Another key area for regulation is whether nonbanks such as Mobile Network Operators can issue electronic money directly - or whether they have to rely on a bank partner. MNOs are experienced in managing networks of retailers specialized in low-value, high-volume transactions (airtime resellers) so are uniquely positioned to use agents and process the type of low-value payments poor people might make. Although M-PESA is a successful example of these nonbank models, most regulators are still uncomfortable allowing nonbanks to take the lead, arguing that electronic money is effectively banking and requires a bank license. This can sometimes result in forcing MNO-bank partnerships which often don't work (often as a result of being unable to agree on how to divide revenue and who owns the customer).
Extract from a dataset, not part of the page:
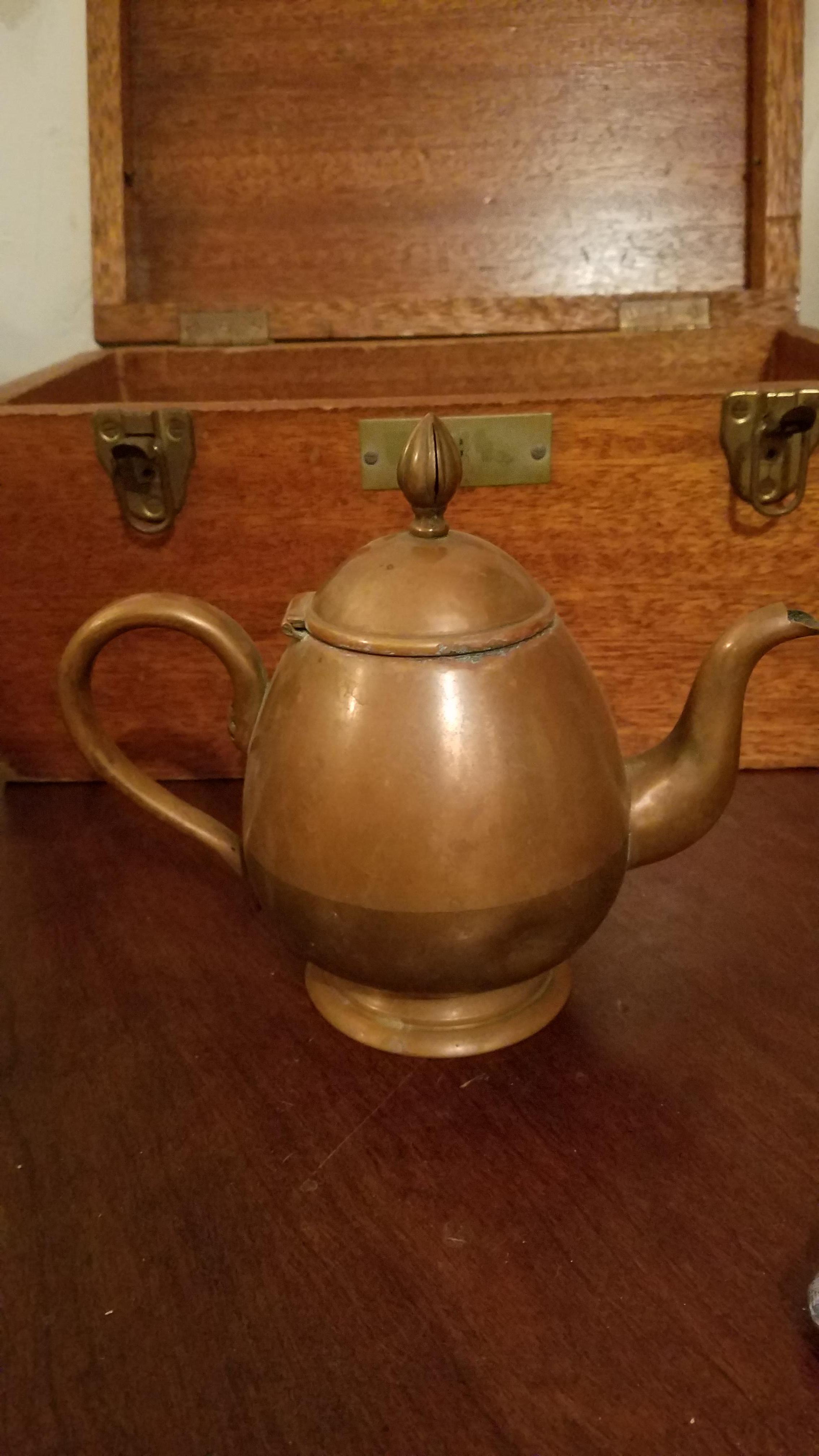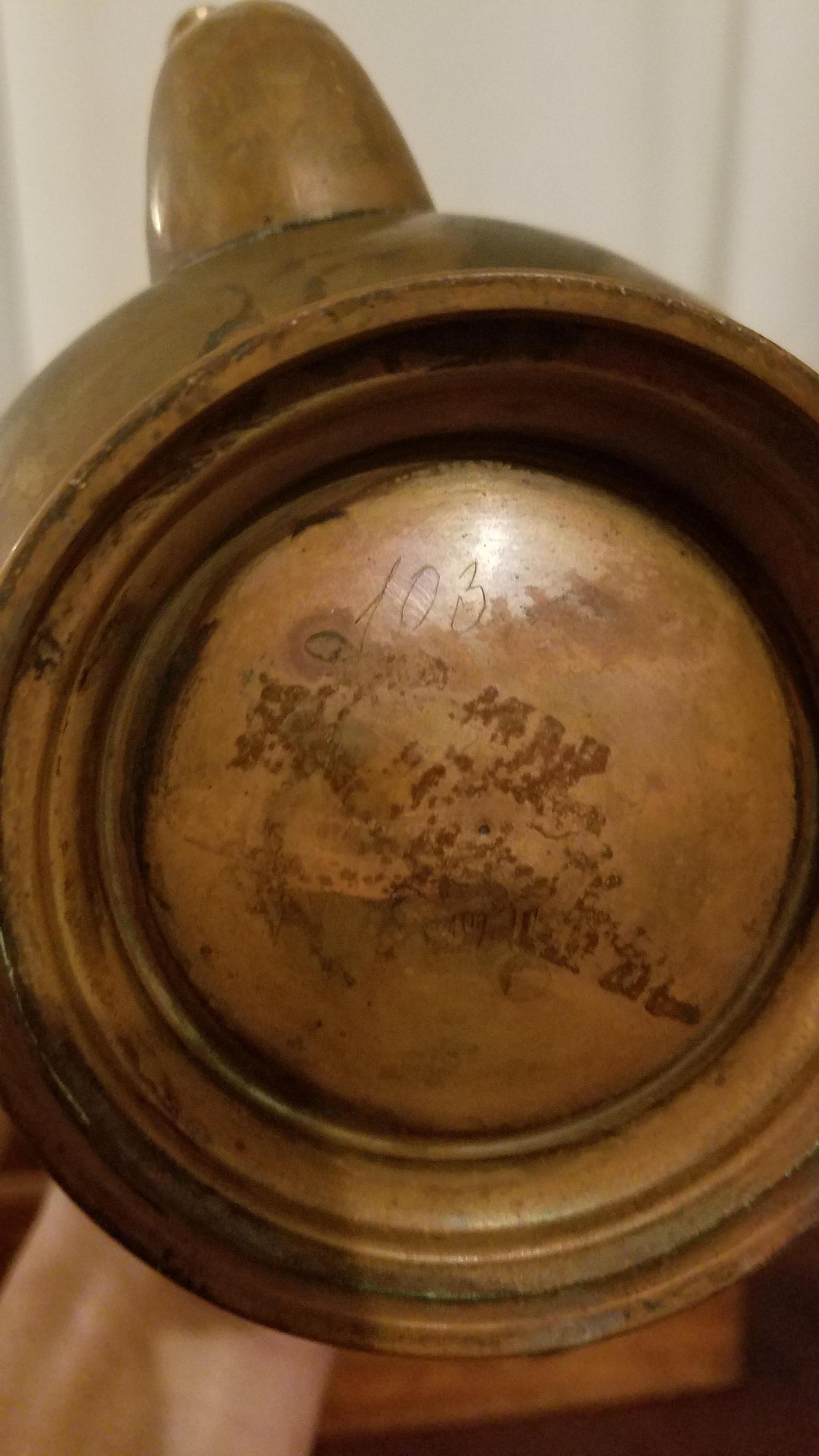 Antique copper tea kettle has what looks like a number scribed on the bottom

But allowing nonbanks to enter this space could increase competition and result in more successful outreach. CGAP has also published a Focus Note on Nonbank E-Money Issuers and how they can be regulated: http://www.cgap.org/publications/nonbank-e-money-issuers 

Michael Tarazi
Michael TaraziUnited States of America

When we are talking about reaching rural populations with mobile banking, agent regulation is key. Banks simply cannot serve rural populaitons effectively through branches which are expensive to build and maintain. By using agents, often retailers - sometimes very informal ones, to serve as cash-in and cash-out points, the cost of reaching rural populations can be greatly reduced, making business models viable. But to use agents effectively, regulation must permit a wide range of actors to act as agents. If agent regulation is too restrictive, agent networks will be too difficult to develop- ultimately impacting customer take up. Many regulators have gradually become more liberal in permitting the use of banking agents - taking comfort in the fact that the service provider (the bank or MNO) is ultimately liable for agent actions undertaken in the course of their agency. CGAP has written a number of publications on agent regulation including "Regulating Banking Agents" located at http://www.cgap.org/publications/regulating-banking-agents

Michael Tarazi
Michael TaraziUnited States of America

I'm really encouraged by all the emerging uses of technology to meet the financial services needs of smallholders. I'd be interested in hearing more though on the key obstacles. For example I understand in Kenya, M-PESA is still too expensive for many smallholders. Is cost the only obstacle or are there others? Any first-hand insights would be most appreciated.